__Supplied information__

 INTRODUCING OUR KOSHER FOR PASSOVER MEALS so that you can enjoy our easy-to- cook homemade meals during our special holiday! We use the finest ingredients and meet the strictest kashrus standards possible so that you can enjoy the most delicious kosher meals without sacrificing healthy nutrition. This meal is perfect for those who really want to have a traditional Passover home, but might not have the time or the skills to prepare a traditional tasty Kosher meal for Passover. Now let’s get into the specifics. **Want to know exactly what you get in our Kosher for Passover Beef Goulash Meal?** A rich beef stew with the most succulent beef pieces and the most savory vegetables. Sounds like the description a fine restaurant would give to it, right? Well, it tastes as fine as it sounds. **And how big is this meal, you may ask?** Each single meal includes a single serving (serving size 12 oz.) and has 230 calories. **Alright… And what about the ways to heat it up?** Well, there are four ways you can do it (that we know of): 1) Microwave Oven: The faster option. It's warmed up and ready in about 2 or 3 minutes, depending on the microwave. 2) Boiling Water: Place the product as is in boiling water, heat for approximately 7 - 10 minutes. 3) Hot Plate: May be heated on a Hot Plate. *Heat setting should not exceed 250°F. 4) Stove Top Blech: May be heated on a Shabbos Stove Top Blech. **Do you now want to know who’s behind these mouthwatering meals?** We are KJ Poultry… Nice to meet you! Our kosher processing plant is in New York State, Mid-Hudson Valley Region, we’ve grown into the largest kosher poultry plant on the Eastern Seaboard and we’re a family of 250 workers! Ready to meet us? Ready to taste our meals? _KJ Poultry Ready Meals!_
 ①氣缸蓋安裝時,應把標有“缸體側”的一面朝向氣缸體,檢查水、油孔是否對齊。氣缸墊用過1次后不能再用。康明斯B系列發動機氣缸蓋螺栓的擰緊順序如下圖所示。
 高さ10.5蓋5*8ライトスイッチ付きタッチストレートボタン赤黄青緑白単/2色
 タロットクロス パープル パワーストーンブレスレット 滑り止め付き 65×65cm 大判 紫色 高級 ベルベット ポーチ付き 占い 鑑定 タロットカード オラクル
...
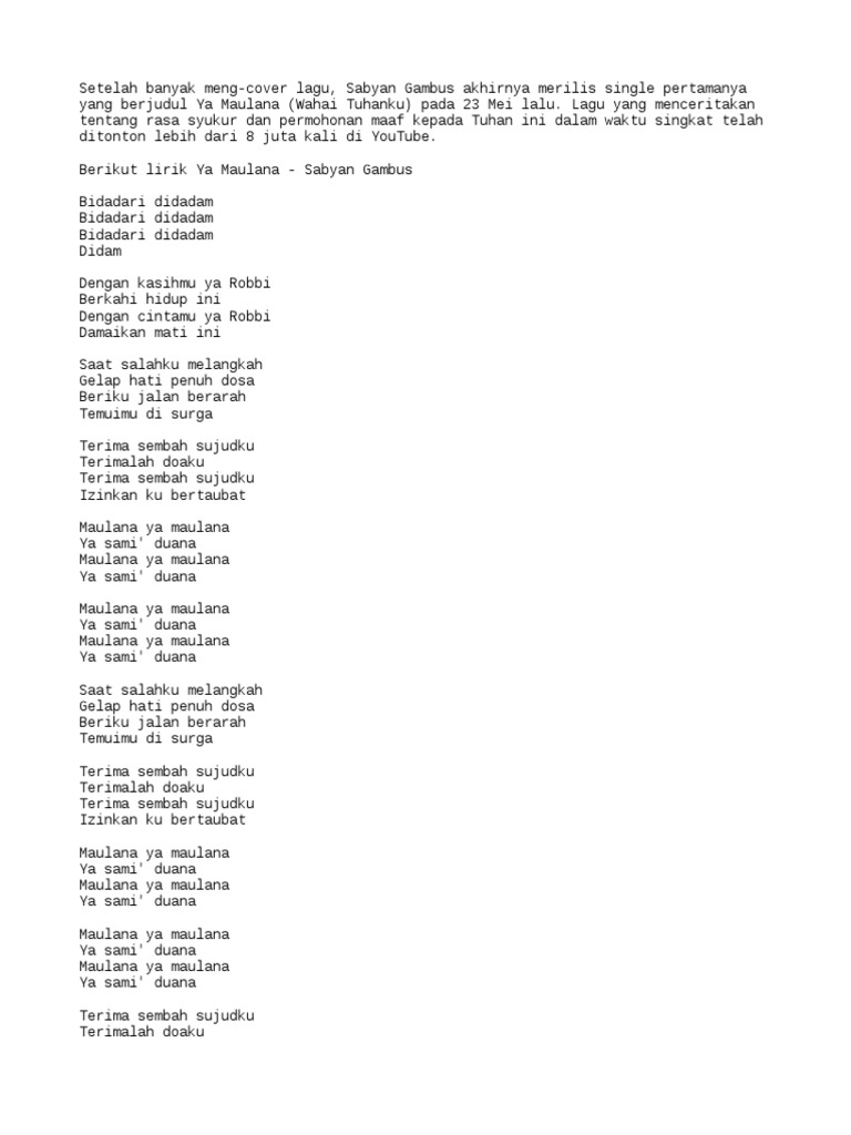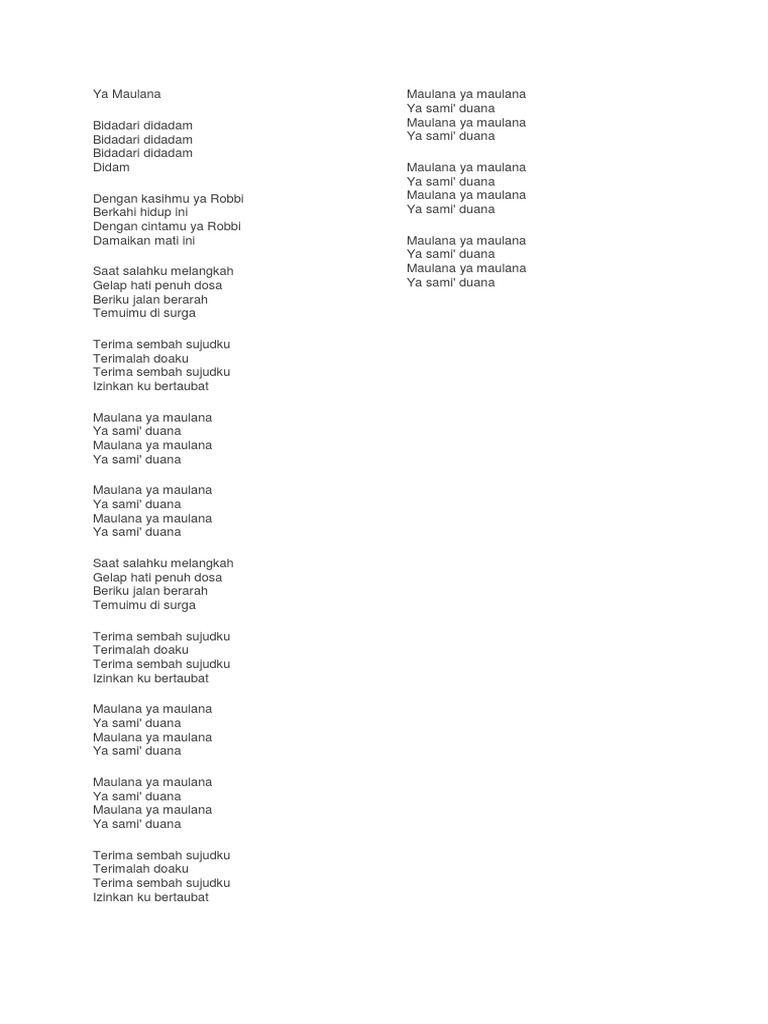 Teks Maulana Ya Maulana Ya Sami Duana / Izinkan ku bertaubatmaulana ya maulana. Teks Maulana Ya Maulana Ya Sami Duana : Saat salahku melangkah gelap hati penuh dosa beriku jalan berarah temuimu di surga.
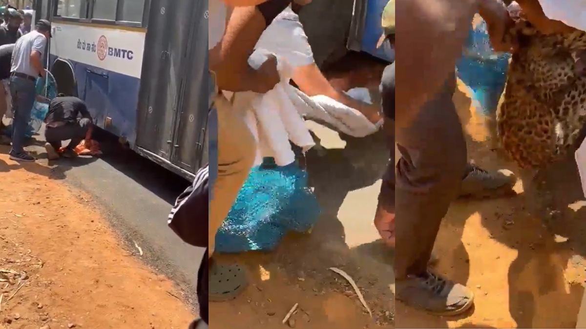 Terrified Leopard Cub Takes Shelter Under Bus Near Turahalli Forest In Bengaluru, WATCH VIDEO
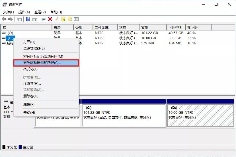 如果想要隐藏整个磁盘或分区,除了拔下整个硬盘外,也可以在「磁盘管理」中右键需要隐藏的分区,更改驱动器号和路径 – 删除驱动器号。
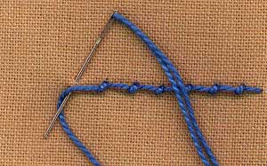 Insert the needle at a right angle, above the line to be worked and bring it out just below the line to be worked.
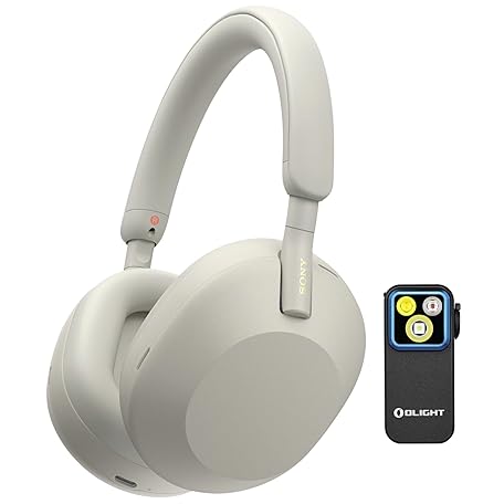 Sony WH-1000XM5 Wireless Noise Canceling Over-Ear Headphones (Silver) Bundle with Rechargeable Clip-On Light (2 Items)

__What the task requires__
Every line above in the stretch from the one with "Terrified Leopard Cub" through the one with "Insert the needle" is to be transcribed exactly, ends included. No picture is copied.

__Answer box__
 Terrified Leopard Cub Takes Shelter Under Bus Near Turahalli Forest In Bengaluru, WATCH VIDEO
 如果想要隐藏整个磁盘或分区,除了拔下整个硬盘外,也可以在「磁盘管理」中右键需要隐藏的分区,更改驱动器号和路径 – 删除驱动器号。
 Insert the needle at a right angle, above the line to be worked and bring it out just below the line to be worked.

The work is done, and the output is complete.